A Chrome browser automation MCP server. Connect Claude (or any MCP client) to a real Chrome session — using your existing profiles with their cookies, saved passwords, and history.

> [!WARNING]
> Pagerunner is early-stage software (v0.x). APIs and configuration formats may change between releases.

## Contents

- [How it works]#how-it-works
- [Setup]#setup
- [Using with your project]#using-with-your-project
- [Tools]#tools
- [Anonymization (PII protection)]#anonymization-pii-protection
- [Stealth mode]#stealth-mode
- [Daemon (multiple Claude Code sessions / persistent state)]#daemon-multiple-claude-code-sessions--persistent-state
- [Snapshots]#snapshots
- [Example session]#example-session
- [Legal & Responsible Use]#legal--responsible-use

## How it works

Pagerunner launches Chrome with your existing user profile via CDP (Chrome DevTools Protocol) and exposes it as an MCP server over stdin/stdout. Claude can then navigate, click, type, screenshot, and run JavaScript in the live browser.

## Setup

**1. Install**

```bash
# Option A — Homebrew (easiest on macOS/Linux):
brew tap enreign/pagerunner
brew install pagerunner

# Option B — Cargo (if you have Rust):
cargo install pagerunner

# Option C — Pre-built binary (no dependencies):

# macOS arm64 (Apple Silicon):
curl -L https://github.com/Enreign/pagerunner/releases/latest/download/pagerunner-macos-arm64 \
  -o pagerunner && chmod +x pagerunner

# macOS x86_64 (Intel):
curl -L https://github.com/Enreign/pagerunner/releases/latest/download/pagerunner-macos-x86_64 \
  -o pagerunner && chmod +x pagerunner

# Linux x86_64:
curl -L https://github.com/Enreign/pagerunner/releases/latest/download/pagerunner-linux-x86_64 \
  -o pagerunner && chmod +x pagerunner

# macOS: if Gatekeeper blocks the binary on first run:
xattr -d com.apple.quarantine pagerunner

# Option B — install via cargo (requires Rust):
cargo install --git https://github.com/Enreign/pagerunner --locked

# Option C — build locally:
cargo build --release
```

**2. Auto-detect Chrome profiles**

```bash
pagerunner init
```

This reads Chrome's profile list and writes `~/.pagerunner/config.toml` automatically.
Run `pagerunner status` to verify.

Alternatively, write `~/.pagerunner/config.toml` by hand — see `pagerunner example-config` for the format.
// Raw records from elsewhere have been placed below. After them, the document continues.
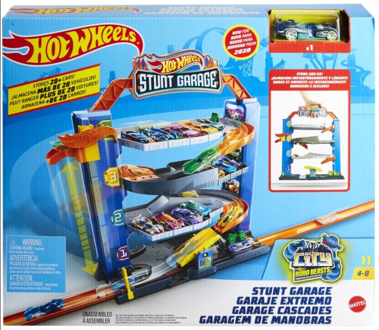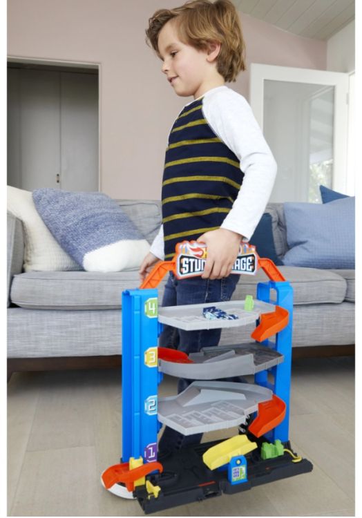 Garajul de la Hot Wheels are dimensiuni generoase si ofera o multime de posibilitati de joaca. Utilizati liftul pentru a aduce masinile la orice nivel vreti sa parcati sau mergeti la un etaj inferior printr-un singur salt. Garajul poate depozita peste 20 de masinute. Cei mici pot face o vizita la service sau la benzinarie pentru a fi pregatiti de urmatoarea aventura. Garajul cu cascadorii Hot Wheels are un maner astfel incat e foarte usor de strans si transportat. Setul de joaca Garajul cu cascadorii se poate conecta cu alte seturi si piste Hot Wheels. Setul include 1 masinuta Hot Wheels 1 la 64.Specificatii
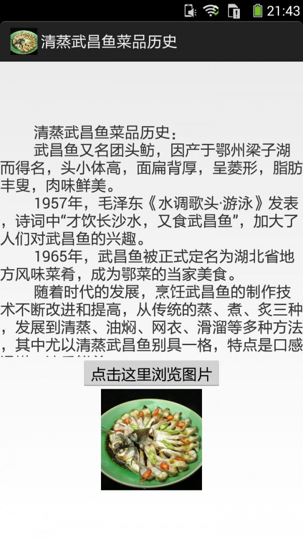 清蒸武昌鱼图文app是一款菜谱类的软件,通过清蒸武昌鱼图文app你可以方便的学习清蒸武昌鱼的做法,对于有需要的朋友来说不错。
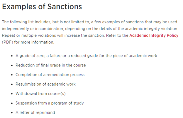 针对以上各种学术不诚信行为,学校会根据学生的过往诚信记录和事态的严重程度,给予相应的处罚。可能给予的处罚主要包括:课业零分,扣分,挂科等学术成绩类处罚,重新完成作业,或者课程withdrawal,严重的处罚则包括警告,停学,开除等。
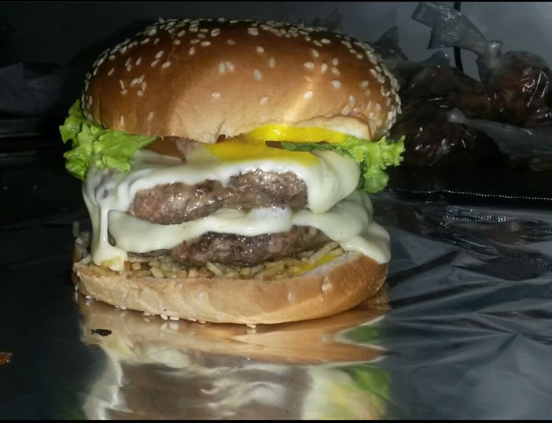 Doble carne un cuarto de libra, doble queso, ripio de papas, tomate, lechuga y cebolla.
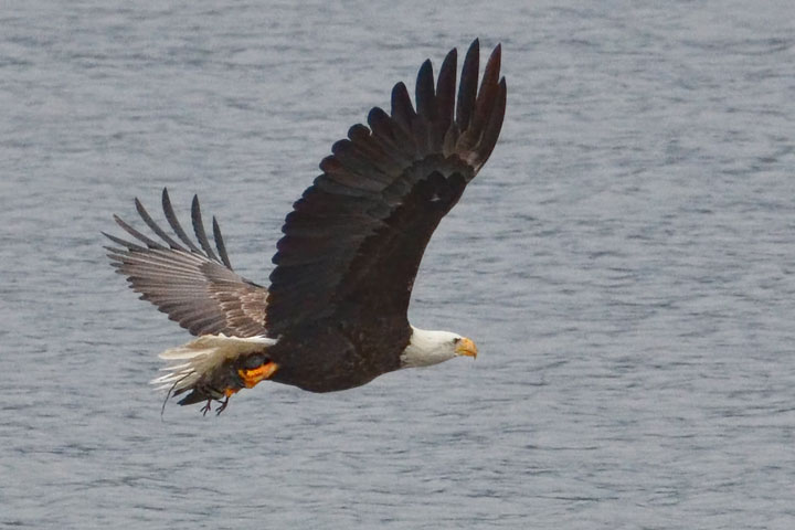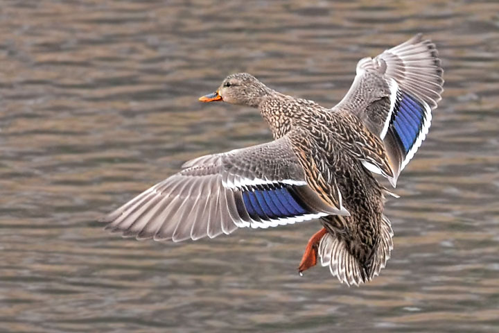But, a couple of other birds did fly by: a female Mallard and a adult Bald Eagle. The Mallard offered a lovely display of its speculum. The eagle was packing lunch: a pigeon. Oh yes, note that the Mallard is deploying its alulae.
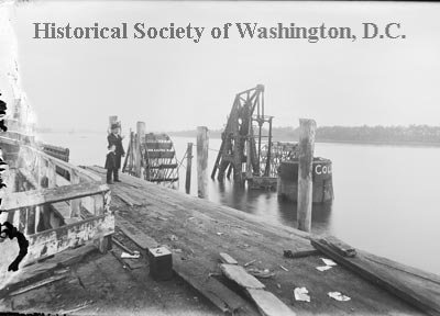 The archive states merely that it is of the “side-wheeler steamboat “Columbia” after sinking at dock on the Georgetown Waterfront.” A little digging by GM reveals that this mishap occurred September 6, 1897. It was the subject of an inquiry at the Georgetown customs house (now our post office) several weeks later, as reported by the Washington Post:
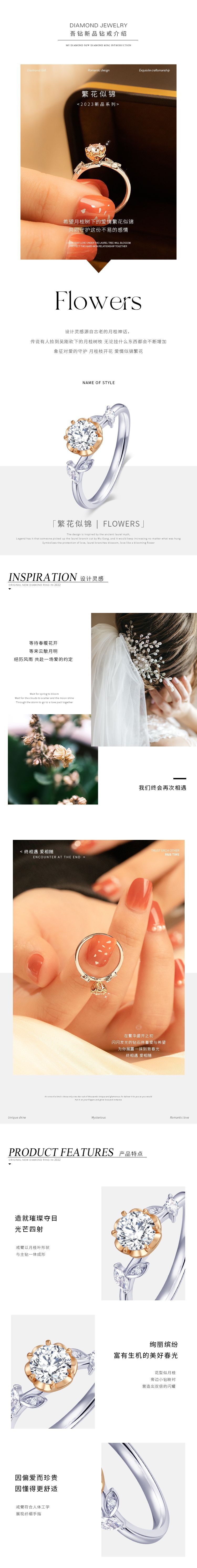 设计灵感源自古老的月桂神话,传说有人捡到吴刚砍下的月桂树枝,无论挂什么东西都会不断增加。戒臂以月桂叶形状,与主钻一体成形,象征对爱的守护;月桂枝丫开花,爱情似锦繁花
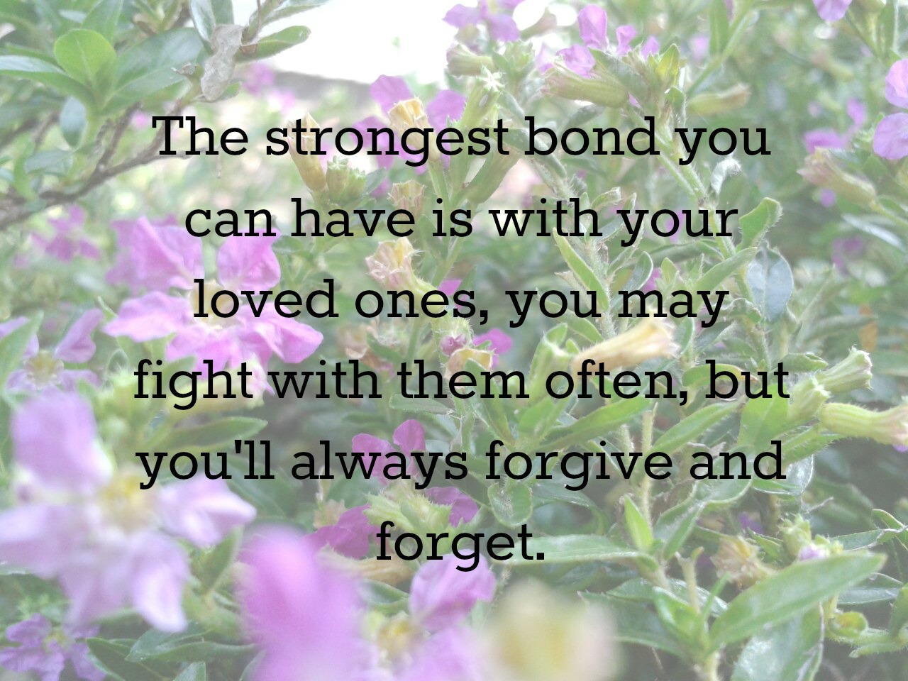 The strongest bond you can have is with your loved ones, you may fight with them often, but you’ll always forgive and forget.

**3. Register as MCP server**

```bash
# If installed (Options A or B — binary is in PATH):
claude mcp add pagerunner "$(which pagerunner)" mcp

# If built locally (Option C):
claude mcp add pagerunner "$(pwd)/target/release/pagerunner" mcp
```

For Claude Desktop, add to `~/Library/Application Support/Claude/claude_desktop_config.json`:

```json
{
  "mcpServers": {
    "pagerunner": {
      "command": "/absolute/path/to/pagerunner",
      "args": ["mcp"]
    }
  }
}
```

> **Note:** The `mcp` subcommand is required — registering just the binary path without `mcp` will not work.
>
> **Note:** Chrome locks profile directories. Close any Chrome window using a profile before opening a Pagerunner session on it.

**4. (Optional, `--features ner` builds only) Download the NER model**

```bash
pagerunner download-model   # ~65MB, enables PERSON/ORG name detection
```

## Using with your project

Copy the example agent instructions into your project root so Claude (or any agent) immediately knows how to use Pagerunner:

```bash
# Claude Code projects:
curl -sL https://raw.githubusercontent.com/Enreign/pagerunner/main/docs/examples/CLAUDE.md -o CLAUDE.md

# Other agents (Gemini, Codex, etc.):
curl -sL https://raw.githubusercontent.com/Enreign/pagerunner/main/docs/examples/AGENTS.md -o AGENTS.md
```

Or paste the content manually and extend it with project-specific instructions.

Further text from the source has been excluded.